---------- Data extract ----------

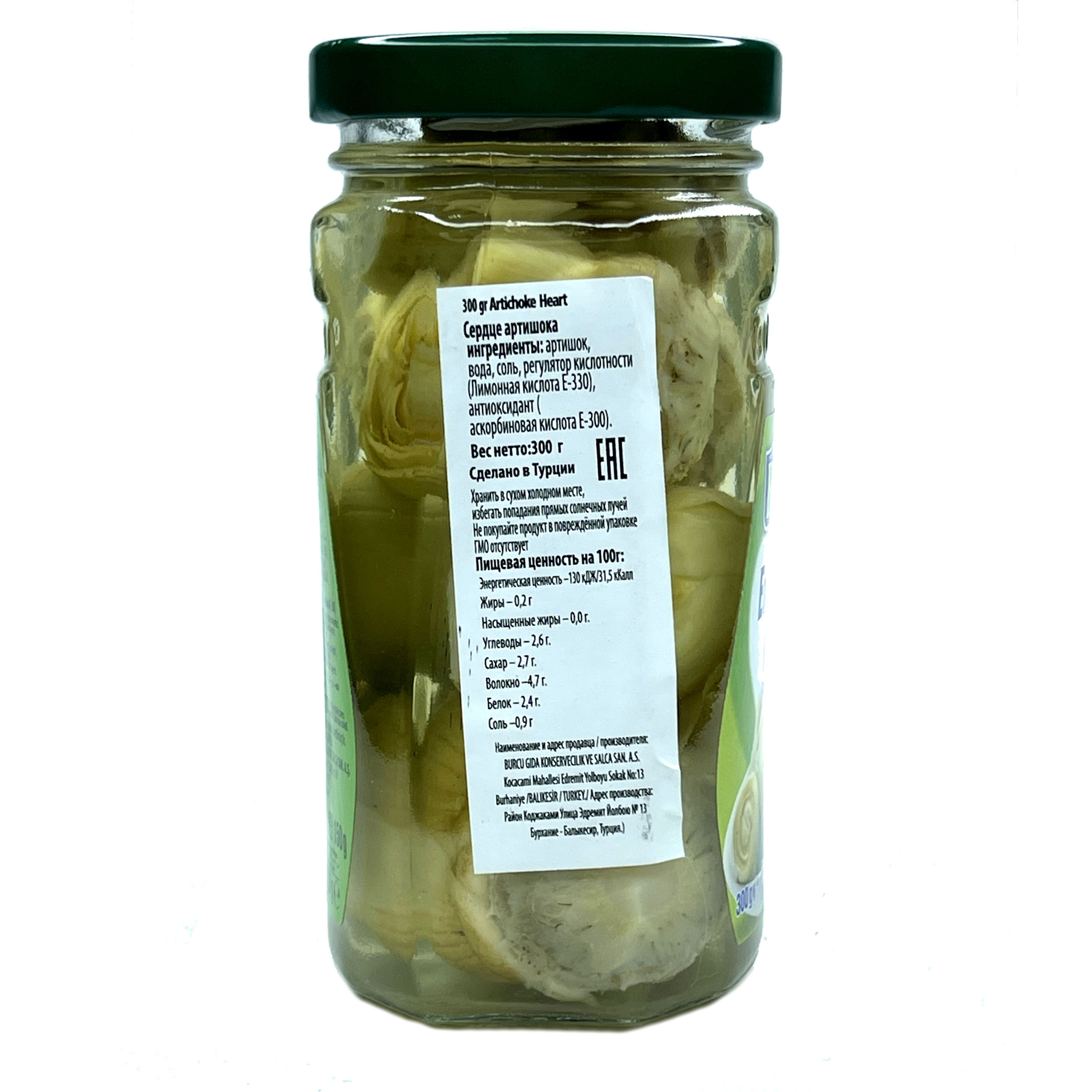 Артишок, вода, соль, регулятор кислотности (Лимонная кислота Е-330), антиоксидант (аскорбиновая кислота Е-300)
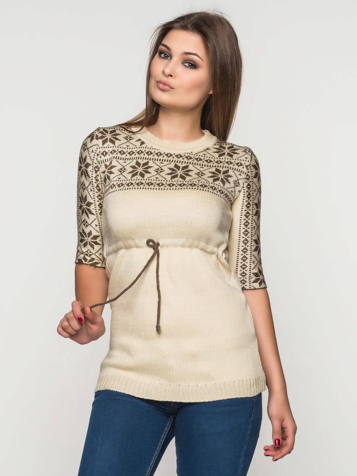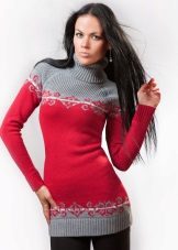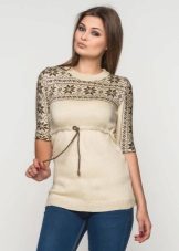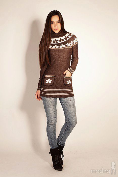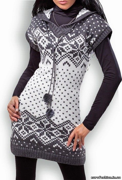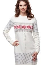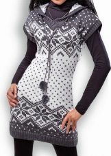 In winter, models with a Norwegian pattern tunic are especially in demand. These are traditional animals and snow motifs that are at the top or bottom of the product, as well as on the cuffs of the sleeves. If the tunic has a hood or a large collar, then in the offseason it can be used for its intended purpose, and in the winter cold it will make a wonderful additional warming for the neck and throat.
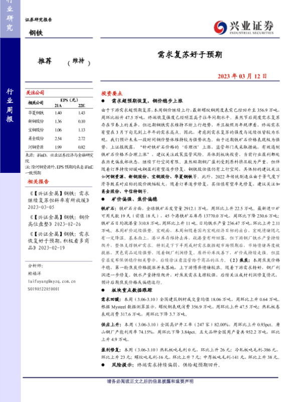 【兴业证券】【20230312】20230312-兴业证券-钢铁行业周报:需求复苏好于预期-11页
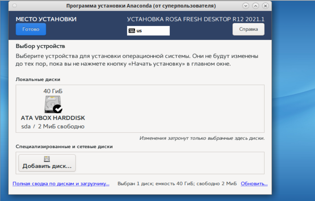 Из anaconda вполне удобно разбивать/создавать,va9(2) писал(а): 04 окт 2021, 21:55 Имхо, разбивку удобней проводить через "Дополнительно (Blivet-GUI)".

----------

Each line above should be written out again unchanged; no images are to be carried over.

■ Answer to this task ■
 Артишок, вода, соль, регулятор кислотности (Лимонная кислота Е-330), антиоксидант (аскорбиновая кислота Е-300)
 In winter, models with a Norwegian pattern tunic are especially in demand. These are traditional animals and snow motifs that are at the top or bottom of the product, as well as on the cuffs of the sleeves. If the tunic has a hood or a large collar, then in the offseason it can be used for its intended purpose, and in the winter cold it will make a wonderful additional warming for the neck and throat.
 【兴业证券】【20230312】20230312-兴业证券-钢铁行业周报:需求复苏好于预期-11页
 Из anaconda вполне удобно разбивать/создавать,va9(2) писал(а): 04 окт 2021, 21:55 Имхо, разбивку удобней проводить через "Дополнительно (Blivet-GUI)".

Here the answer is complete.